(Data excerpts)
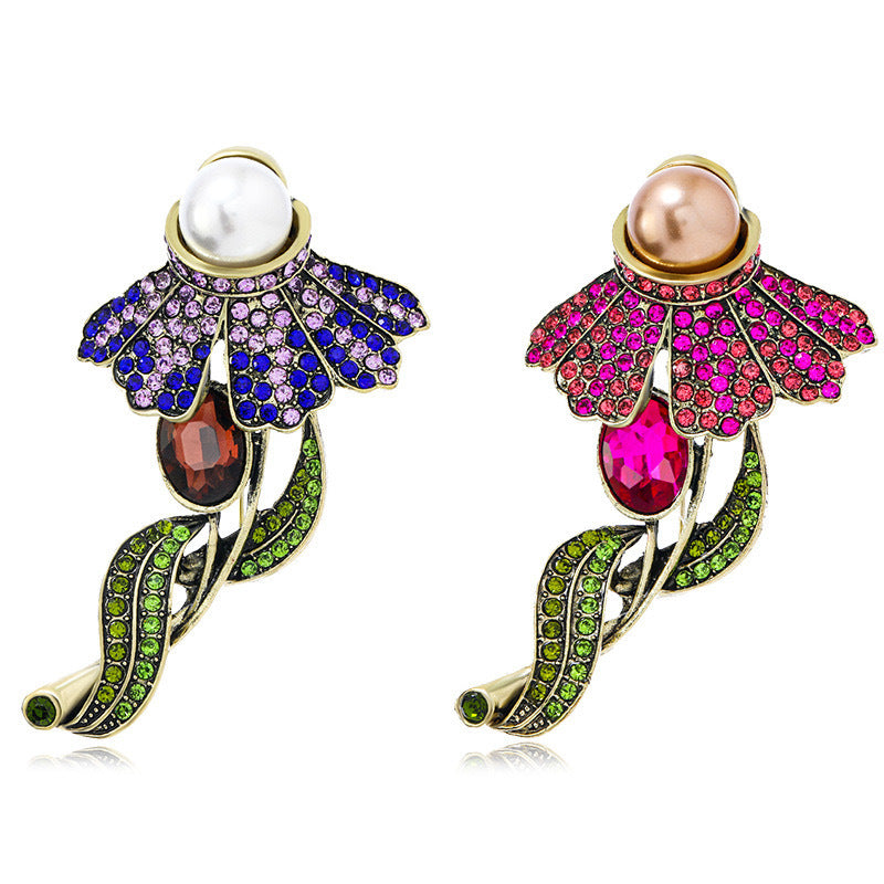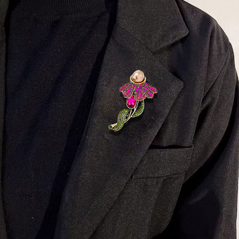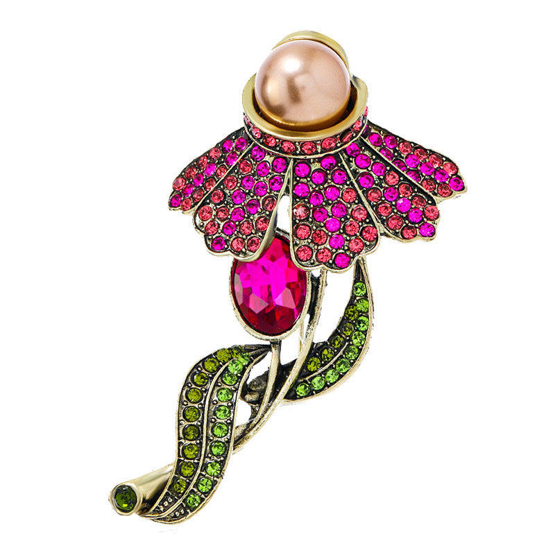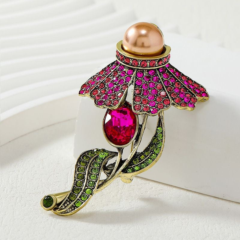 Rose Rhinestone Alloy Brooch PA5675
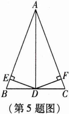 5. 如图,在△ABC中,D是BC的中点,DE⊥AB,DF⊥AC,垂足分别是E,F,且BE = CF. 若∠BAC = 40°,求∠BAD的度数.
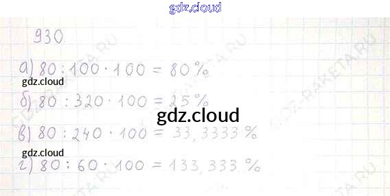 Ответ на задание 930 Учебник Математика за 6 (шестой) класс Никольский, Потапов, Решетников, Шевкин МГУ - школе 2014
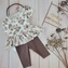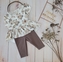 Bavlněná sada, 2D, tunika + legíny s květy - čokoládová/ecru, vel. 74; 74 (6-9m)
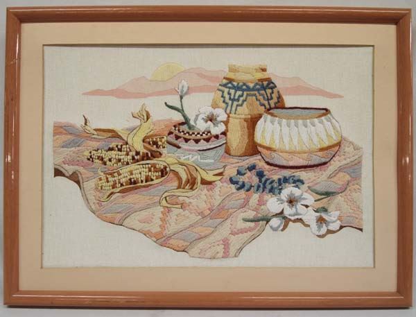 Southwestern Crewel Framed and Matted Picture, visual measures 11.5''W x 17.5''L, Native American subject matter
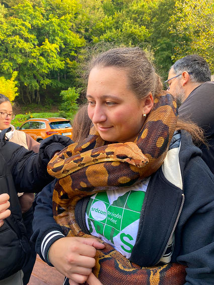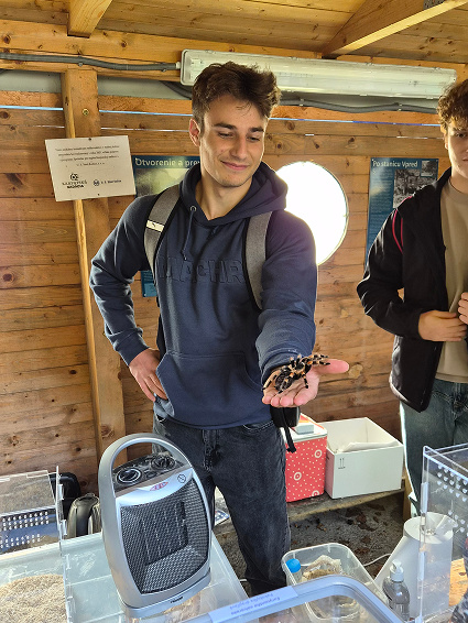 Herpetologický stánok predstavil plazy Slovenska, najmä hady, ich ekológiu a význam v prírode. Študenti sa naučili rozlišovať vretenicu severnú (Vipera berus) od nejedovatej užovky hladkej (Coronella austriaca) a pochopili, prečo sa hadov netreba obávať. Ako živé ukážky boli prezentované aj exotické druhy – hady, korytnačka, agama či bezstavovce, ktoré vzbudili veľký záujem.
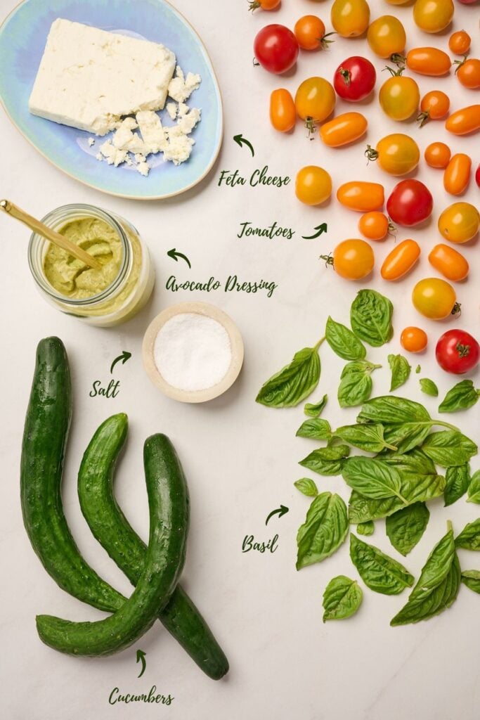 Chop and Prepare Ingredients: Cut and prepare your tomatoes (refer to how to cut tomatoes using the proper technique), cucumbers, and basil, and make the avocado dressing. Place all the chop veggies in a large bowl.
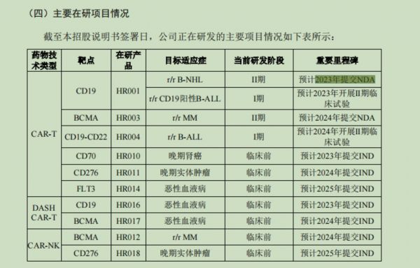 具体而言,HR001治疗复发/难治性B细胞非霍奇金淋巴瘤(r/r B-NHL)适应症被纳入CDE“优先审评审批程序”,已处于II期注册临床试验阶段,预计于2023年提交NDA;HR003治疗复发/难治性多发性骨髓瘤(r/r MM)适应症被纳入CDE“突破性治疗药物程序”,已处于II期注册临床试验阶段;HR001治疗复发/难治性CD19阳性B细胞急性淋巴细胞白血病(r/r CD19 阳性 B-ALL)适应症已处于I期注册临床试验阶段;HR004是 CD19-CD22 双靶点 CAR-T 细胞治疗产品,治疗复发/难治性B细胞急性淋巴细胞白血病(r/r B-ALL)适应症已处于I期注册临床试验阶段。
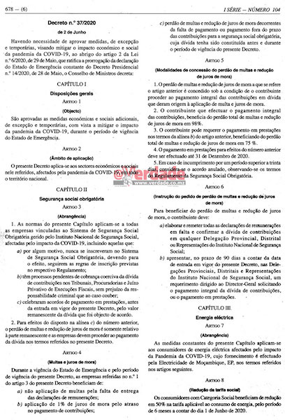 O @Verdade apurou que as empresas a operarem em Moçambique, inscritas ou não no Sistema de Segurança Social Obrigatória, inclusivamente aquelas que sejam alvo de processos de cobrança coerciva, foram bafejadas com benefícios adicionais durante o Estado de Emergência e durante a vigência do Decreto nº 37/2020.

# Requirement
Each line from the one holding "CAR-T 细胞治疗产品,治疗复发/难治性B细胞急性淋巴细胞白血病(r/r B-ALL)适应症已处于I期注册临床试验阶段。" through the last line of the records above must be duplicated exactly, and pictures must not be.

# Response to this exercise
 具体而言,HR001治疗复发/难治性B细胞非霍奇金淋巴瘤(r/r B-NHL)适应症被纳入CDE“优先审评审批程序”,已处于II期注册临床试验阶段,预计于2023年提交NDA;HR003治疗复发/难治性多发性骨髓瘤(r/r MM)适应症被纳入CDE“突破性治疗药物程序”,已处于II期注册临床试验阶段;HR001治疗复发/难治性CD19阳性B细胞急性淋巴细胞白血病(r/r CD19 阳性 B-ALL)适应症已处于I期注册临床试验阶段;HR004是 CD19-CD22 双靶点 CAR-T 细胞治疗产品,治疗复发/难治性B细胞急性淋巴细胞白血病(r/r B-ALL)适应症已处于I期注册临床试验阶段。
 O @Verdade apurou que as empresas a operarem em Moçambique, inscritas ou não no Sistema de Segurança Social Obrigatória, inclusivamente aquelas que sejam alvo de processos de cobrança coerciva, foram bafejadas com benefícios adicionais durante o Estado de Emergência e durante a vigência do Decreto nº 37/2020.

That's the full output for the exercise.